To do → Leaving out the pictures, return word for word the stretch of entries below from the line holding "DESECI tisuća ljudi" through the line holding "FITMENT: The Heater".

Available records →
◆ ◆ ◆
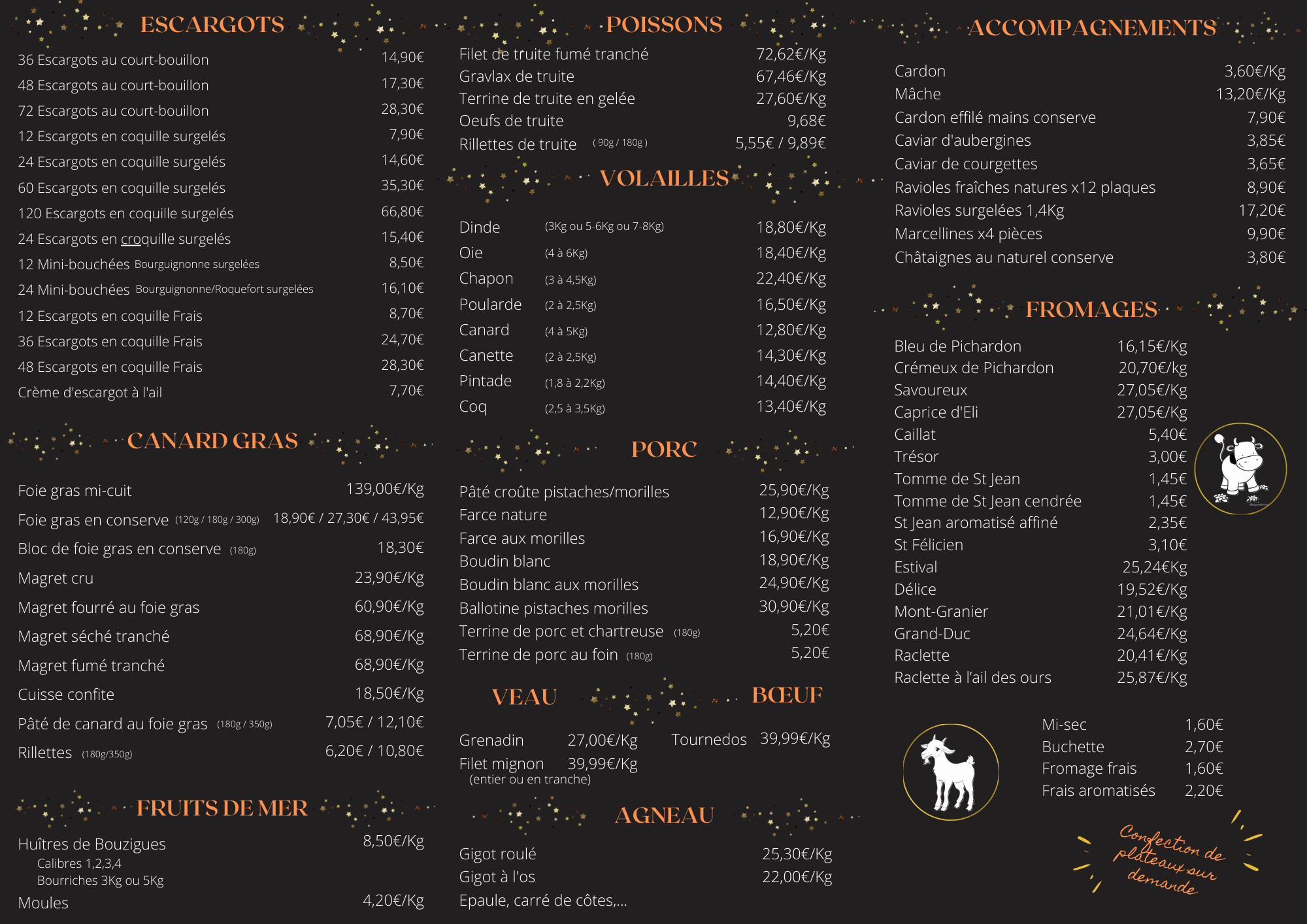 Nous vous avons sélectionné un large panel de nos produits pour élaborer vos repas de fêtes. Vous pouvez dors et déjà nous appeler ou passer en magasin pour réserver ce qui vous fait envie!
◆ ◆ ◆
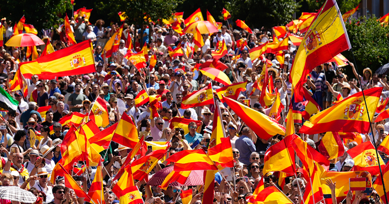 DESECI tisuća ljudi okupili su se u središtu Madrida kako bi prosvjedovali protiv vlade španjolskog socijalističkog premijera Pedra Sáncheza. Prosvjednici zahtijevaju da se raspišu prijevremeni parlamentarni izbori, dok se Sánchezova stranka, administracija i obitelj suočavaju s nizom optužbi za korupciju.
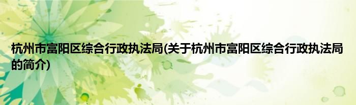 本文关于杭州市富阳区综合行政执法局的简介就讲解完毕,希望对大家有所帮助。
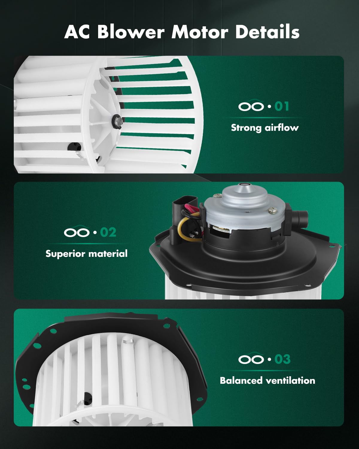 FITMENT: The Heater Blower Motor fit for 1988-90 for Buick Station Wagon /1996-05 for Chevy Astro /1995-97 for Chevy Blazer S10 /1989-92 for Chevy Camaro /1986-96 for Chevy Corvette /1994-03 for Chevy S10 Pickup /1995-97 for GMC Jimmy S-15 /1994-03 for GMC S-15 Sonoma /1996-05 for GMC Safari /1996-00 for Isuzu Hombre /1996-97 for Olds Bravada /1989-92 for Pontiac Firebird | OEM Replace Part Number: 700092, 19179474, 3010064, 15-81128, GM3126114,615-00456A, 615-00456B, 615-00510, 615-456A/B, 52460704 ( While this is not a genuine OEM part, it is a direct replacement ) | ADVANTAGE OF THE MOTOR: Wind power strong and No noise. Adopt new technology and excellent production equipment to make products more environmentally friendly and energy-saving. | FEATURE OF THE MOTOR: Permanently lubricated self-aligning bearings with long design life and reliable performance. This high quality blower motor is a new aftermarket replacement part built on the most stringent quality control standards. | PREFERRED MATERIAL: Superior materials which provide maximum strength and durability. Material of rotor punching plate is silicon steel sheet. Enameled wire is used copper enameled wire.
◆ ◆ ◆
Your solution →
 DESECI tisuća ljudi okupili su se u središtu Madrida kako bi prosvjedovali protiv vlade španjolskog socijalističkog premijera Pedra Sáncheza. Prosvjednici zahtijevaju da se raspišu prijevremeni parlamentarni izbori, dok se Sánchezova stranka, administracija i obitelj suočavaju s nizom optužbi za korupciju.
 本文关于杭州市富阳区综合行政执法局的简介就讲解完毕,希望对大家有所帮助。
 FITMENT: The Heater Blower Motor fit for 1988-90 for Buick Station Wagon /1996-05 for Chevy Astro /1995-97 for Chevy Blazer S10 /1989-92 for Chevy Camaro /1986-96 for Chevy Corvette /1994-03 for Chevy S10 Pickup /1995-97 for GMC Jimmy S-15 /1994-03 for GMC S-15 Sonoma /1996-05 for GMC Safari /1996-00 for Isuzu Hombre /1996-97 for Olds Bravada /1989-92 for Pontiac Firebird | OEM Replace Part Number: 700092, 19179474, 3010064, 15-81128, GM3126114,615-00456A, 615-00456B, 615-00510, 615-456A/B, 52460704 ( While this is not a genuine OEM part, it is a direct replacement ) | ADVANTAGE OF THE MOTOR: Wind power strong and No noise. Adopt new technology and excellent production equipment to make products more environmentally friendly and energy-saving. | FEATURE OF THE MOTOR: Permanently lubricated self-aligning bearings with long design life and reliable performance. This high quality blower motor is a new aftermarket replacement part built on the most stringent quality control standards. | PREFERRED MATERIAL: Superior materials which provide maximum strength and durability. Material of rotor punching plate is silicon steel sheet. Enameled wire is used copper enameled wire.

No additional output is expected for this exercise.